[<prev] [next>] [<thread-prev] [thread-next>] [day] [month] [year] [list]
Message-ID: <20120809001212.GB17835@bbox>
Date: Thu, 9 Aug 2012 09:12:12 +0900
From: Minchan Kim <minchan@...nel.org>
To: Mel Gorman <mgorman@...e.de>
Cc: Linux-MM <linux-mm@...ck.org>, Rik van Riel <riel@...hat.com>,
Jim Schutt <jaschut@...dia.gov>,
LKML <linux-kernel@...r.kernel.org>
Subject: Re: [PATCH 5/5] mm: have order > 0 compaction start near a pageblock
with free pages
Hi Mel,
On Wed, Aug 08, 2012 at 08:08:44PM +0100, Mel Gorman wrote:
> commit [7db8889a: mm: have order > 0 compaction start off where it left]
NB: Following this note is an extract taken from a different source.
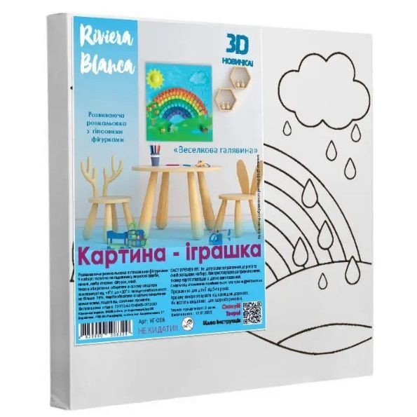 Бренд: Riviera Blanca Упаковка: Плівка Колір: Різнобарв'я Вага з упаковкою: 420 г Габарити в упаковці: 25 x 25 x 2 см Габарити без упаковки: 25 x 25 x 2 см Країна виробник: Україна Матеріал: Комбінований Комплектація: синтетичне полотно, натягнуте на дерев'яну рамку з нанесеними контурами майбутнього малюнка; водорозчинні акрилові фарби; пензлі різного розміру; гіпсові фігурки

> introduced a caching mechanism to reduce the amount work the free page
> scanner does in compaction. However, it has a problem. Consider two process
> simultaneously scanning free pages
>
> C
> Process A M S F
> |---------------------------------------|
> Process B M FS
>
> C is zone->compact_cached_free_pfn
> S is cc->start_pfree_pfn
> M is cc->migrate_pfn
> F is cc->free_pfn
>
> In this diagram, Process A has just reached its migrate scanner, wrapped
> around and updated compact_cached_free_pfn accordingly.
>
> Simultaneously, Process B finishes isolating in a block and updates
> compact_cached_free_pfn again to the location of its free scanner.
>
> Process A moves to "end_of_zone - one_pageblock" and runs this check
>
> if (cc->order > 0 && (!cc->wrapped ||
> zone->compact_cached_free_pfn >
> cc->start_free_pfn))
> pfn = min(pfn, zone->compact_cached_free_pfn);
>
> compact_cached_free_pfn is above where it started so the free scanner skips
> almost the entire space it should have scanned. When there are multiple
> processes compacting it can end in a situation where the entire zone is
> not being scanned at all. Further, it is possible for two processes to
> ping-pong update to compact_cached_free_pfn which is just random.
>
> Overall, the end result wrecks allocation success rates.
>
> There is not an obvious way around this problem without introducing new
> locking and state so this patch takes a different approach.
>
> First, it gets rid of the skip logic because it's not clear that it matters
> if two free scanners happen to be in the same block but with racing updates
> it's too easy for it to skip over blocks it should not.
>
> Second, it updates compact_cached_free_pfn in a more limited set of
> circumstances.
>
> If a scanner has wrapped, it updates compact_cached_free_pfn to the end
> of the zone. When a wrapped scanner isolates a page, it updates
> compact_cached_free_pfn to point to the highest pageblock it
> can isolate pages from.
Okay until here.
>
> If a scanner has not wrapped when it has finished isolated pages it
> checks if compact_cached_free_pfn is pointing to the end of the
> zone. If so, the value is updated to point to the highest
> pageblock that pages were isolated from. This value will not
> be updated again until a free page scanner wraps and resets
> compact_cached_free_pfn.
I tried to understand your intention of this part but unfortunately failed.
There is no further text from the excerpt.